Estimate your render cost first with our free credit calculator.
Frequently asked questions
What's the cheapest AI video generator in 2026?+
On sticker price, Google's AI Plus ($7.99/mo, includes Veo 3.1) and Pika Standard ($8/mo annual) are the lowest paid entry points. But Seedance starts at $9.90/mo with a free daily-credit tier that has no watermark and includes commercial rights — so you can produce usable video at $0 before upgrading, which is effectively cheaper for most creators. The real cost depends on how many finished clips your credits buy, not the monthly fee alone.
Why does a $10 plan run out of credits so fast?+
Because one clip can cost many credits. Resolution, duration, model quality, and extras like lip-sync or upscaling all multiply the price. On Pika, a single 10-second 1080p video uses about 80 credits, so a 700-credit plan is really only eight or nine polished clips a month. Always estimate credits-per-finished-clip, not the headline credit number.
Can I still use Sora in 2026?+
Not as a consumer subscription. OpenAI shut down the standalone Sora app on April 2026, and Sora is no longer included in ChatGPT Plus or Pro. Only the Sora 2 API remains for developers (priced per second), and it's reportedly scheduled to sunset in late September 2026. The practical way to keep using Sora 2 Pro quality is through an aggregator like Seedance that has integrated the model.

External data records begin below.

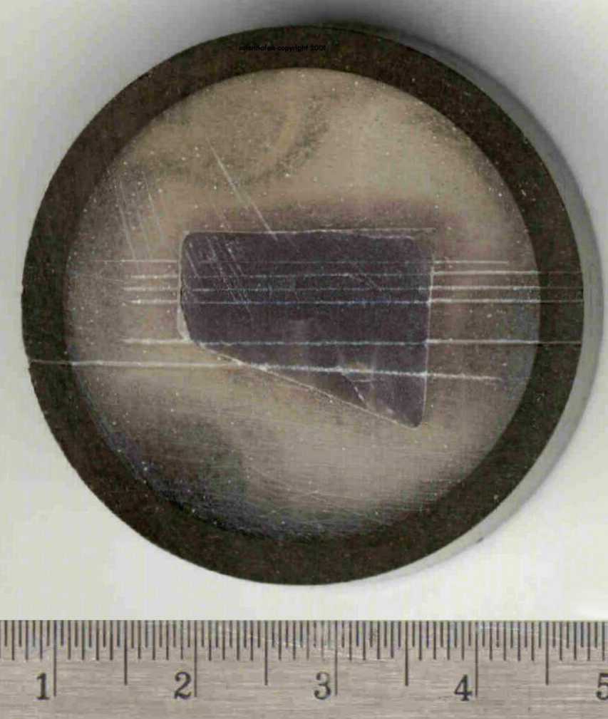 The results of this experiment can be seen in Figure 6c which clearly shows a 2 cm long groove cutting horizontally across the quartz specimen. A visual inspection was made of the surface of the quartz specimen with a 10x jewelers loupe. From this it would be estimated that the horizontal groove is about 1 mm in width with a depth of about 0.3 to 0.5 mm. The surface of the groove is smooth and polished and has a rounded shape. The edges of the groove are quite crisp and show no sign of chipping, except were the groove crosses a crystal boundary on the far right side of the specimen.
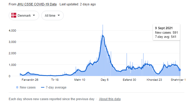 مقامات دانمارک می گویند هم اکنون و بعد از واکسیناسیون، شیوع کرونا تحت کنترل است. در حال حاضر روزانه حدود 500 نفر در دانمارک به کرونا مبتلا می شوند و میانگین انتقال این ویروس 0.7 است.
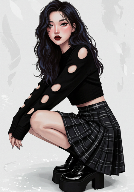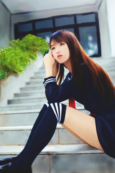 #study #asian #asiangirl #blackandwhite #digitalpainting #girl #illustration #longhair #photoshop #skirt #stripes
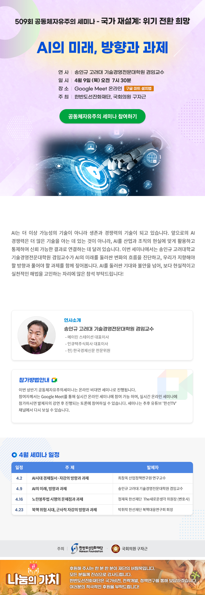 [509회 공동체자유주의 세미나] AI의 미래, 방향과 과제 (4월 9일 오전 7시 30분, ..
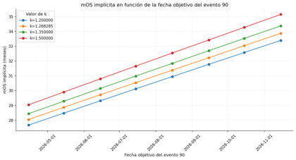 Quiero estimar qué mediana de supervivencia global (mOS) es compatible con distintas fechas calendario en las que ocurre el evento 90.
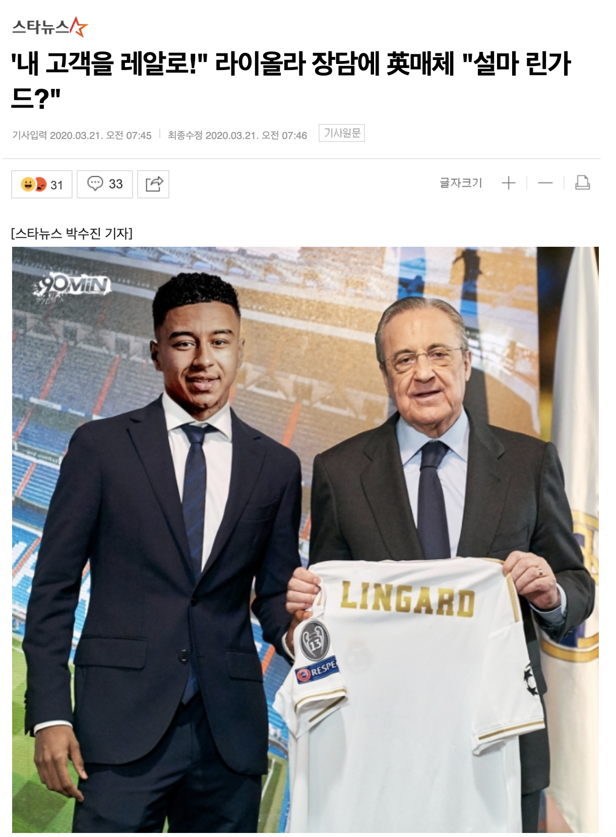 [라이올라 "내 고객을 레알로", 영국 언론 "설마 린가드?!"]
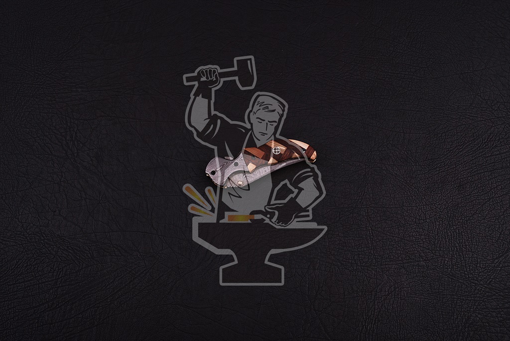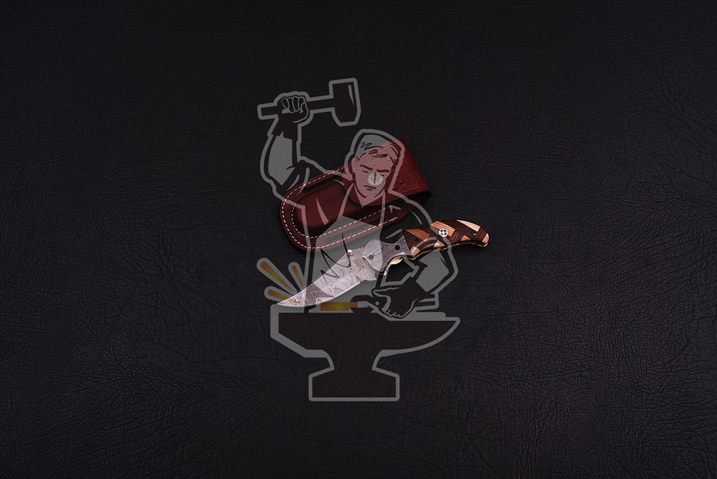 DAMASCUS STEEL CLIP POINT BLADE POCKET,FOLDING LINER LOCK KNIFE,DAMASCUS BOLSTERS ,DECORATED HANDLE OF WALNUT WOOD WITH OLIVE WOOD & MOSAIC PIN INSERTED HANDLE. FILE WORKED BRASS LINERS & COPPER LEVER. , WITH GENUINE LEATHER SHEATH WITH BELT LOOP.
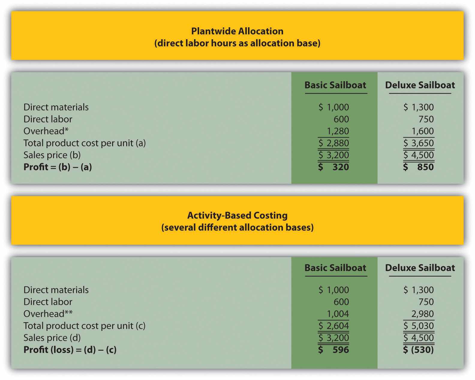 | John: | Yes, here’s what we found. The old allocation approach indicates that the Basic boat costs $2,880 to build and the Deluxe boat costs $3,650 to build. Our average sales price for the Basic is $3,200 and $4,500 for the Deluxe. You can see why we pushed sales of the Deluxe boat—it has a profit of $850 per boat. |
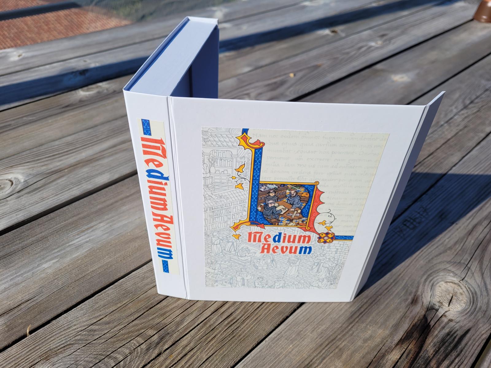 Je me suis donc commandé une boite A5 blanche pour Medium Aevum et des boites A4 noires pour le reste. Ensuite j'ai scanné les couvertures pour m'imprimer sur du vinyl autocollant ce que je voulais mettre sur la tranche et le recto. Le but était de faire simple, pas cher et pas trop moche. Le résultat correspond à mes attentes.
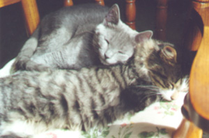 Chester is the sweet lug! He was dropped off at the shelter just the day before we adopted him. I don't think he was treated too kindly in his previous home as he was very nervous and seemed to be afraid of everything. It took some work and extra attention, but he's much better now. He's a little chubby and not quite as daring as Lily. One of his favorite things to do is to give Lily baths. (She only tolerates them for a few minutes, then she bites him!) He is a patient and quiet kitty (he didn't even meow until about a week ago!) Chester is destined to be a great mouser and lap cat! We love him dearly!

Do AI video credits roll over to the next month?+
Usually not on entry tiers. Kling and Runway (Standard/Pro) expire unused subscription credits each billing cycle; Runway's top Max plan carries up to a month forward. Pika forfeits subscription credits monthly but lets separately purchased credit packs roll over indefinitely. Seedance's free tier refreshes daily. If your workload is uneven, choose a plan with rollover or non-expiring packs to avoid waste.
Which AI video tool includes commercial rights and no watermark?+
Runway, Kling, and Pika all reserve watermark removal and commercial use for paid plans, and Google's Veo embeds a SynthID watermark on every output. Seedance is the notable exception in 2026, including commercial rights and watermark-free output even on its free tier — which is why it stands out for creators who need to publish or sell their videos.
Is a single-model subscription or a multi-engine tool better value?+
For most creators, a multi-engine tool hedges risk and increases value. Subscribing to one lab means betting on that lab's roadmap and pricing — and 2026 showed how fast that can change when Sora's consumer app was discontinued. An aggregator like Seedance gives access to 30+ engines, including Sora 2 Pro and Veo 3, under one subscription, so you can compare models on the same prompt without paying for several separate services.